Laser-written nanometal-doped graphene on paper for Alzheimer’s multi-target sensing

Laser-induced graphene (LIG) is highly favored in the sensing field due to its outstanding physicochemical properties. However, conventional PI film substrates suffer from limited flexibility and weak adhesion, which causes LIG detachment and compromised sensing stability, restricting their sensing applications. Moreover, the traditional approach of doping metal nanoparticles into LIG through secondary laser processing faces challenges: scanning path deviations cause uneven distribution, while repeated laser exposure may damage the substrate. To overcome these limitations, we used one-step laser direct writing (LDW) to engrave PI paper pre-soaked in a metal chloride solution, directly inducing graphene formation and in-situ reducing metal nanoparticles (LIG-Metal) simultaneously. Using PI paper as the substrate enhances the electrode's flexibility and adhesion, thereby preventing detachment. The incorporation of metal nanoparticles greatly improves the sensitivity of paper-based LIG electrodes while expanding their modification potential for sensing applications.
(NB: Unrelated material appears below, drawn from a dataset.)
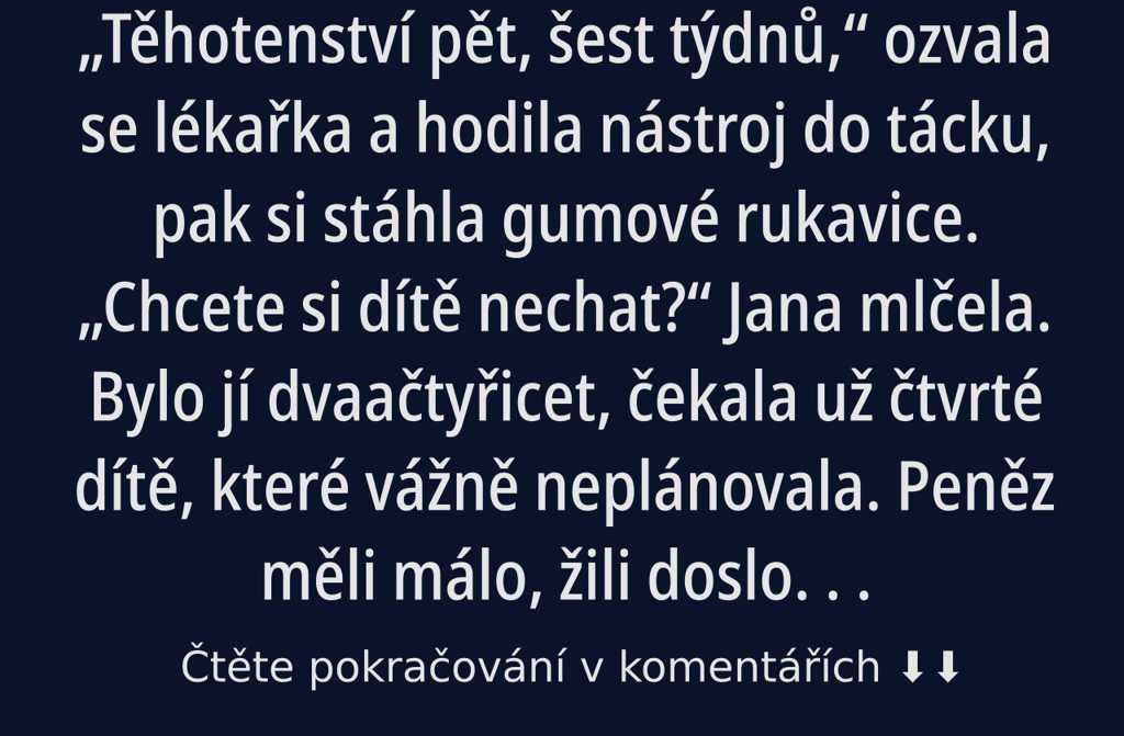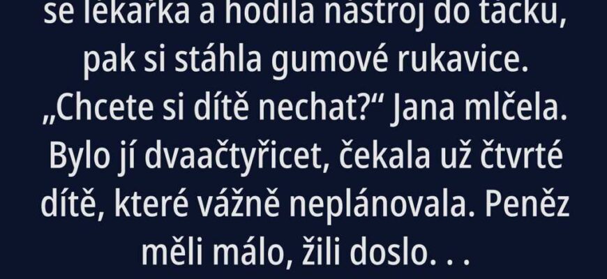 Bylo jí dvaačtyřicet, čekala už čtvrté dítě, které vážně neplánovala. Peněz měli málo, žili doslova od výplaty k výplatě.

Additionally, plasma treatment further improves the hydrophilicity and stability of PI paper-based LIG electrodes. Using prepared gold nanoparticle-doped laser-induced graphene (LIG-Au) electrodes as extended gate (EG), we developed a portable, multi-target intelligent sensing system. This system enables real-time, wireless monitoring of peroxynitrite (ONOO⁻) and c-Abl dynamics in the brains of Alzheimer’s disease (AD) transgenic mice, while also facilitating multi-dimensional investigation of their interactions and pathological roles in AD progression.